Невольно приходишь к мысли, что у каждого человека имеются известные запасы и храбрости, и трусости, как и совести, и бессовестности, чести и бесчестия. А то откуда же вчерашний храбрец, сегодня – постыдный трус! Значит, его сознание и воля, долг и самообладание были без цвета.

Пришёл, наконец, в 4-й взвод. В шоссейной канаве, за камнями, лежали или, согнувшись, стояли солдаты с выпяченными вперёд винтовками и с пальцами на спуске. Все очень напряжённо и нервно реагировали на каждый шорох, доносившийся из противоположной канавы шоссе, которую занимал противник в десяти шагах.

Нервность за ночь, не разрядившись, как бы сконцентрировалась, превратив людей в проводников нервной напряжённости. Придя утром в 4-й взвод, когда уже забрезжил рассвет, я не был заряжен этой напряжённостью, а, разрядив свою нервность в 3-м взводе, спокойно и даже радостно прошёл по канаве, подбадривая людей. Это многих успокоило, что я увидел по глазам.

Полагаю, что неприятелю, в смысле психологии, было ещё хуже: ему предстояло атаковать, то есть лезть на наши штыки, а сколько их и каких, неприятель не знал… Ни выстрелов, ни разрывов гранат… Хотя война подошла очень близко, и до души противника можно было достать почти что штыком, лично я ещё противника не видел, что войне придавало и необычность, и таинственность.
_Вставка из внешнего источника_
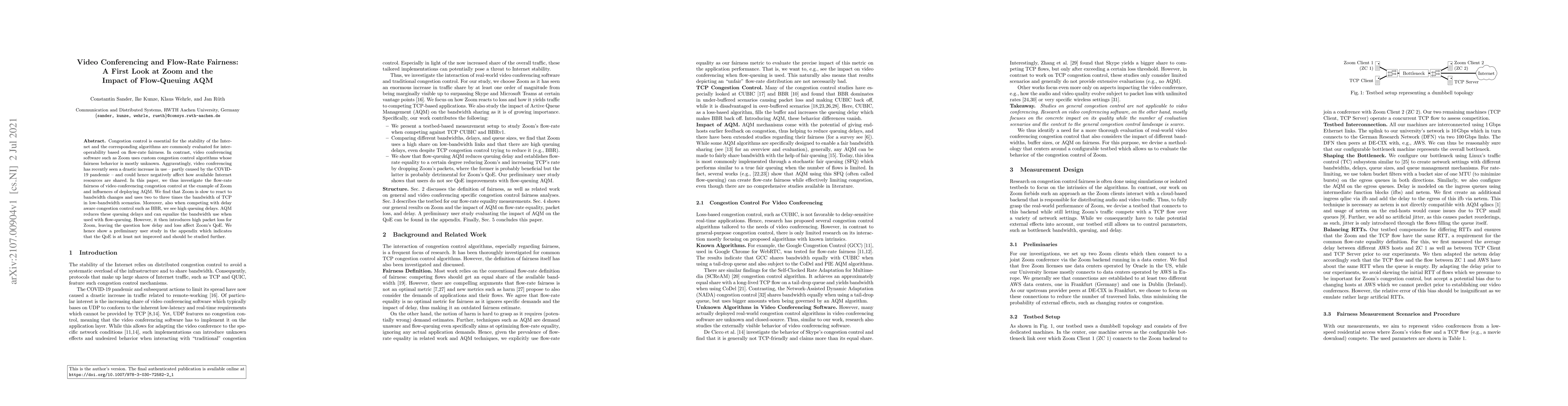 This paper examines the flow-rate fairness of Zoom's congestion control, revealing its slow bandwidth adaptation and high bandwidth usage compared to TCP. The study finds that while Active Queue Management (AQM) can reduce queuing delays, it also increases packet loss, negatively impacting Zoom's quality of experience (QoE), as indicated by a preliminary user study.

Я ходил по канаве, спина была отлично видна из противоположной канавы, и мы видели такие же спины противника.

В шесть часов я получил записку с приказанием командира роты отступить со своей полуротой за лес и за гору, в сторону деревни, из которой мы вышли на позицию. На записке стояла подпись старшего унтер-офицера Ненашева, что он уже приказ читал и знает. Отступление в семь часов.

Для организации отхода времени достаточно. С одним взводом отступать не так уж трудно. Ненашев будет отходить самостоятельно, тоже ровно в семь часов. Но, находясь рядом с противником, убрать людей я должен заранее, хотя бы за пять-шесть минут.

Часы были сверены ещё вчера. Незаметно и неслышно взвод уполз из канавы в кусты и по лощине, под водительством взводного, полез в гору, густо поросшую лесом. Я с отделением остался в канаве прикрывать отрыв.

Ровно в семь часов в канаву противника полетело столько гранат, сколько у меня было солдат, и мы побежали догонять взвод. В ответ послышались отдельные разрозненные выстрелы и тоже разорвалось несколько ручных гранат. Пробегая через кусты, я видел, как выскочил из окопа мой третий взвод, чтобы преодолеть пятьдесят шагов открытого пространства, за которым начинался лес. Но по нему открыли такой сильный артиллерийский и пулемётный заградительный огонь, что только пара солдат побежала дальше, а остальные отхлынули назад, в окоп, или остались лежать на косогоре...

Разглядывать эту трагедию и печалиться, много не приходилось, так как и по нашей горе застрочил пулемёт и затрещали гулкие ружейные выстрелы: противник начал преследование.

Своё отделение застрельщиков я потерял в лесу, нарочно не дав приказа присоединиться ко мне, чтобы не увеличивать цели. С большим усилием я преодолел гору и начал спуск с неё. Видел уже луг и в полутора верстах – деревню.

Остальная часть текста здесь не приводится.